We have concluded that revalidation will be simpler, more effective and more efficient if it operates as a single set of processes, rather than ... two separate strands.[7]

16.  The consultation, from March to June 2010, was extensive:

During the course of the consultation we held or participated in around 130 events across the UK. We talked to more than 4,000 doctors, listened to their views and comments and discussed their concerns about revalidation. We also spoke to a range of employer organisations and representatives from patient groups across the four countries. By the time the consultation ended, on 4 June 2010, we had received nearly 1,000 responses.[8]

17.  Following that consultation the GMC's main proposals are as follows:

  • Revalidation should be based on a single set of processes for evaluating doctors' performance in practice.
  • It should be based on a continuing evaluation of doctors' performance in the workplace.
  • There will be a network of responsible officers—all of them senior licensed doctors—who will make recommendations on whether or not doctors will be revalidated.
  • The medical Royal Colleges and Faculties should not be directly involved in the responsible officers' recommendations, but should have a quality assurance and advisory role.
  • Trainees should secure revalidation as a result of successful progress through training.
  • Licensed doctors not currently engaged in medical practice should be able to gain revalidation through a formal examination or assessment.
  • The list of registered medical practitioners should indicate the field of practice on the basis of which a doctor has secured revalidation.[9]
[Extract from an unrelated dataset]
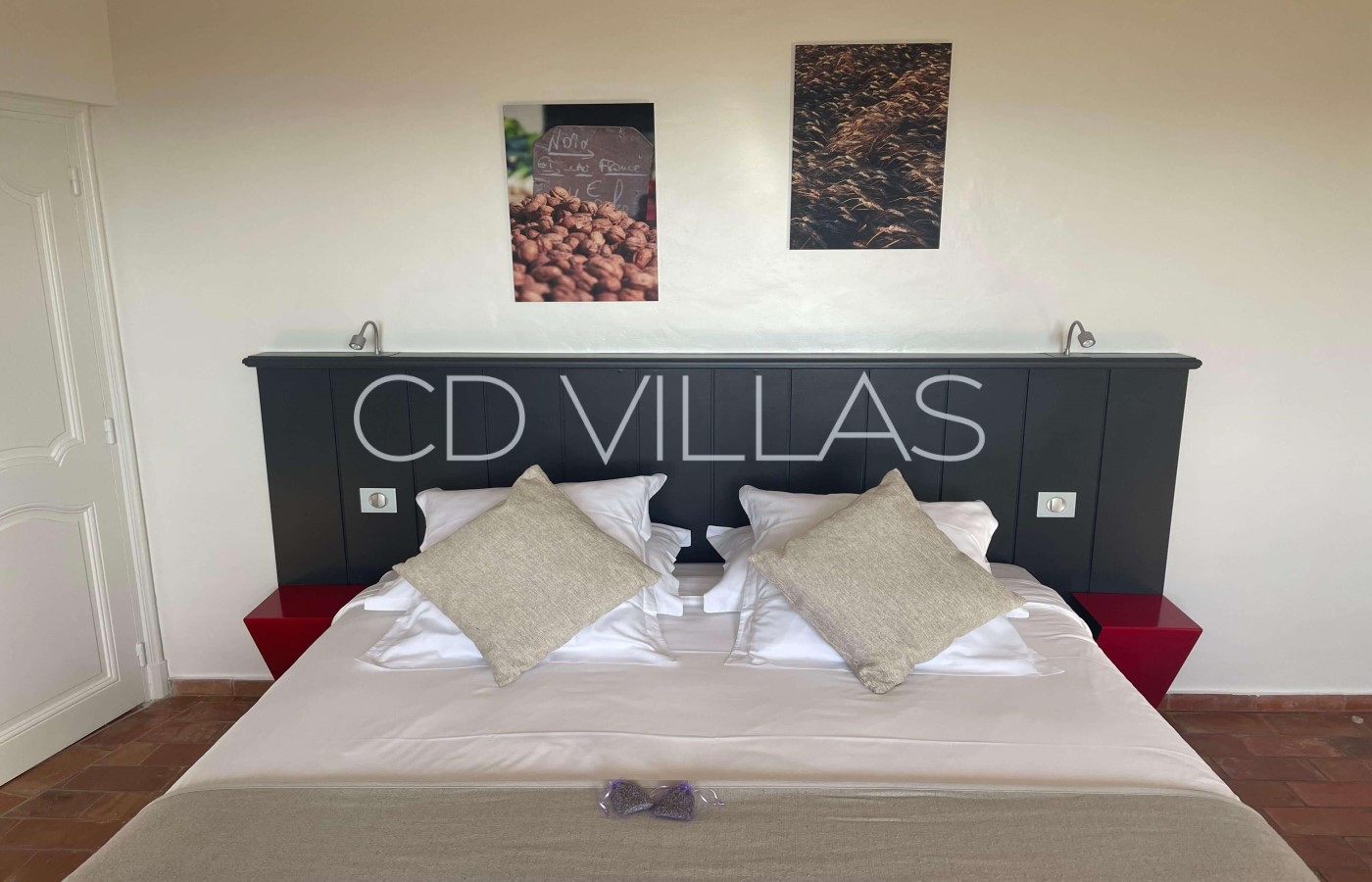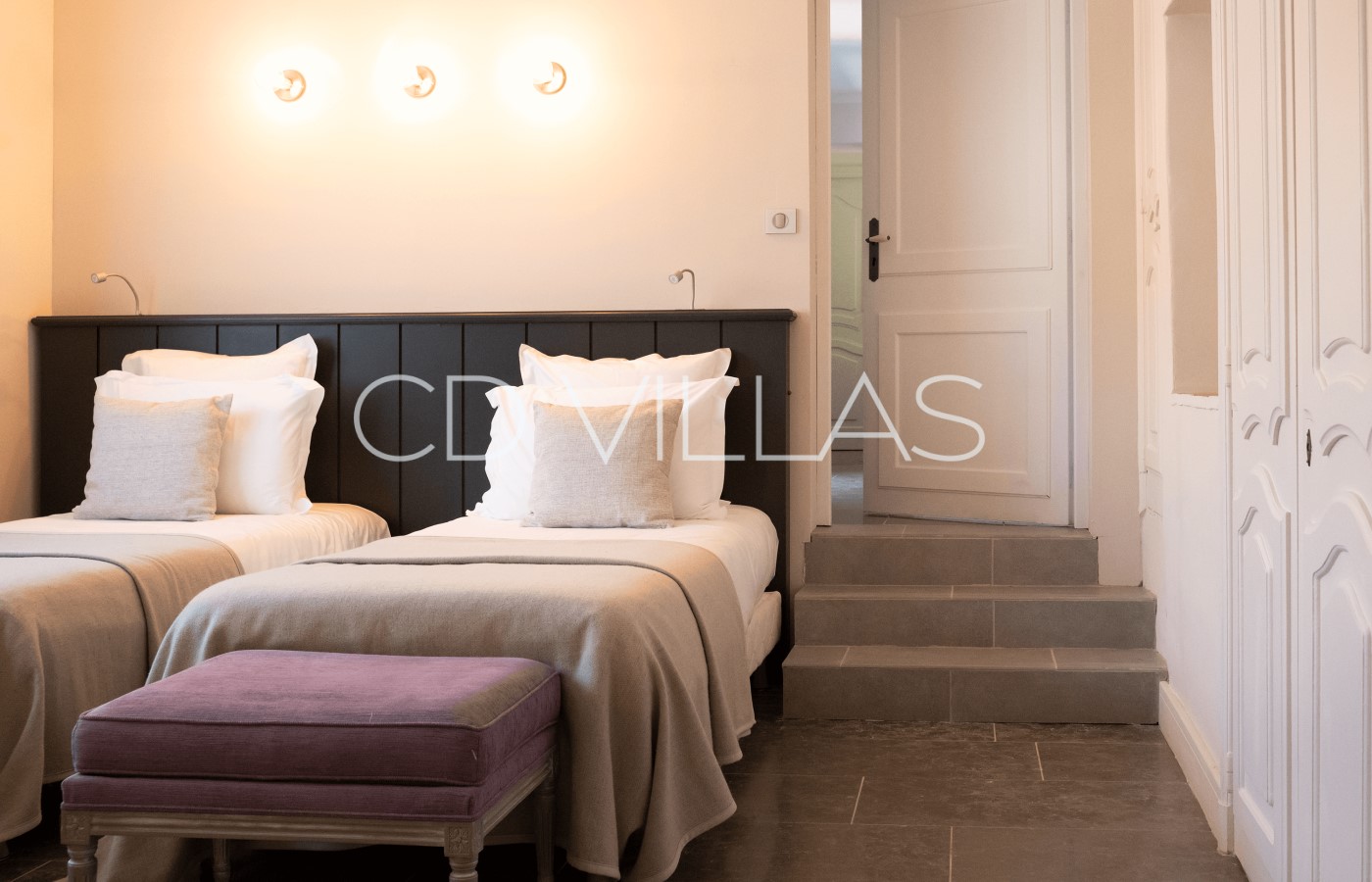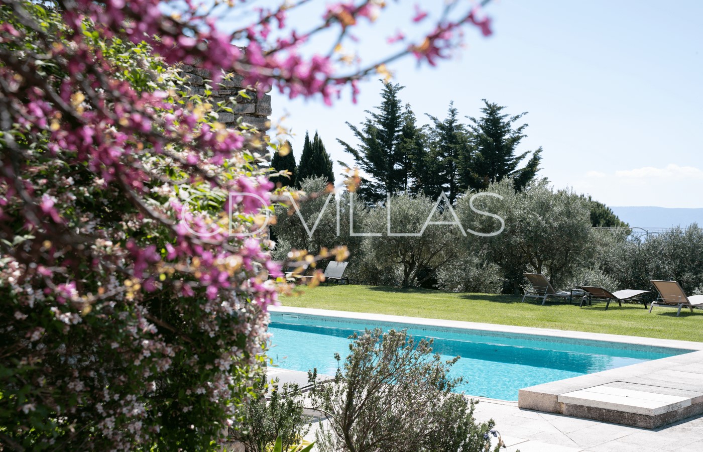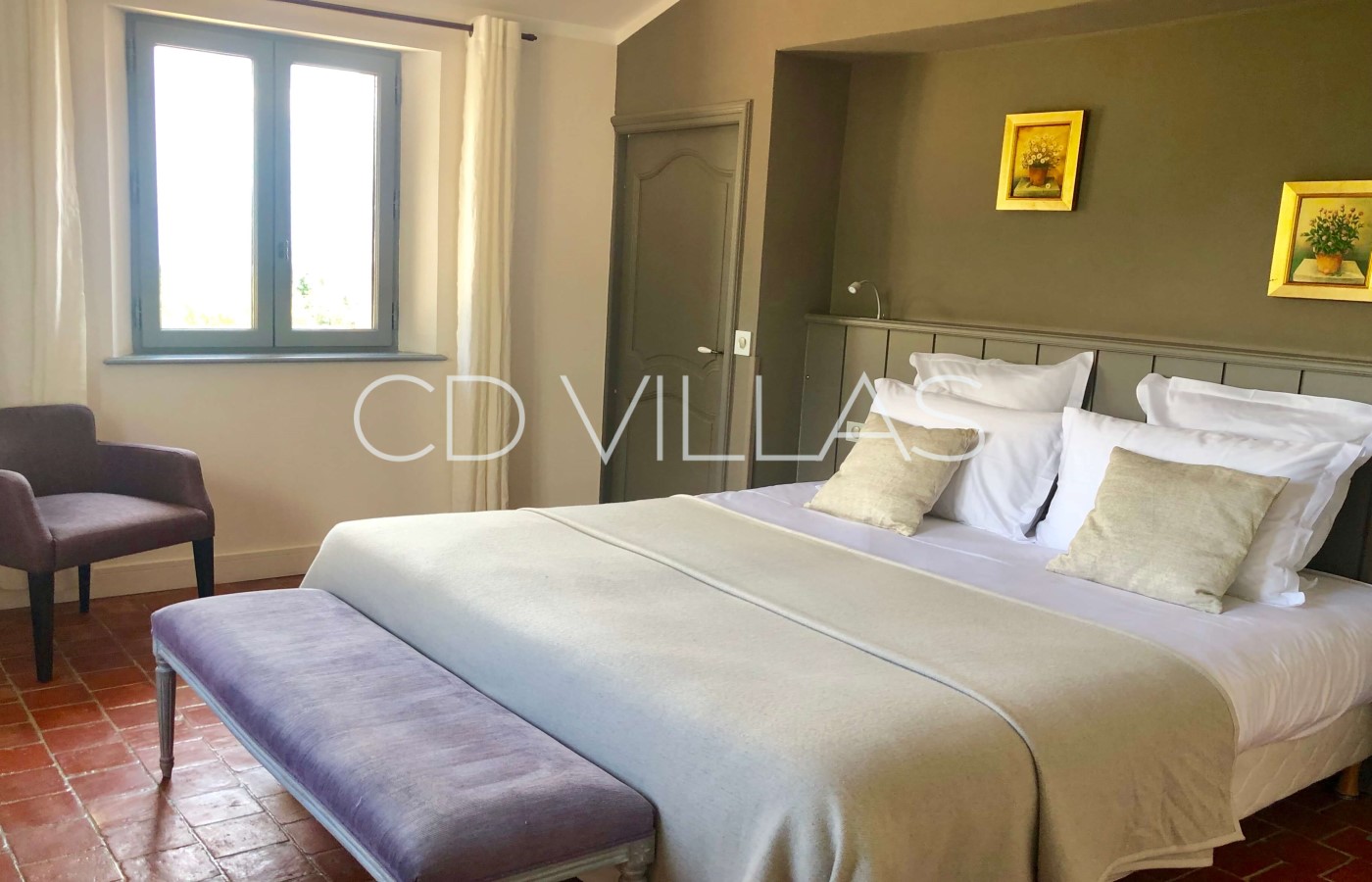 La propriété possède 7 chambres pouvant être doubles ou twin et 7 salles de bains, pouvant accueillir jusqu'à 15 personnes. Toutes les chambres sont climatisées et bénéficient d'équipements hôteliers tels que cafetière et théière, wifi, sèche-cheveux et articles de toilette. Celles du rez-de-chaussée disposent chacune d'une terrasse privative donnant sur un jardin au charme provençal authentique (restanques, bories, lavandes, oliviers, figuiers...). Les chambres à l'étage bénéficient d'une vue spectaculaire sur le Luberon et le château médiéval de Gordes.

18.  When the GMC's consultation was launched, it was intended that revalidation would be put in place in 2011. However, in June 2010 the new Secretary of State wrote to the Chair of the GMC to say that, having reviewed the current plans, "I do not yet have sufficient confidence that there will be time properly to gather and evaluate evidence on all aspects of revalidation and to amend plans in the light of the current pilots in the NHS. I therefore intend to extend the piloting period for a further year to enable us to develop a clearer understanding of the costs, benefits and practicalities of implementation ...". In its memorandum to us, the GMC says that "we are planning to launch revalidation in late 2012".[10]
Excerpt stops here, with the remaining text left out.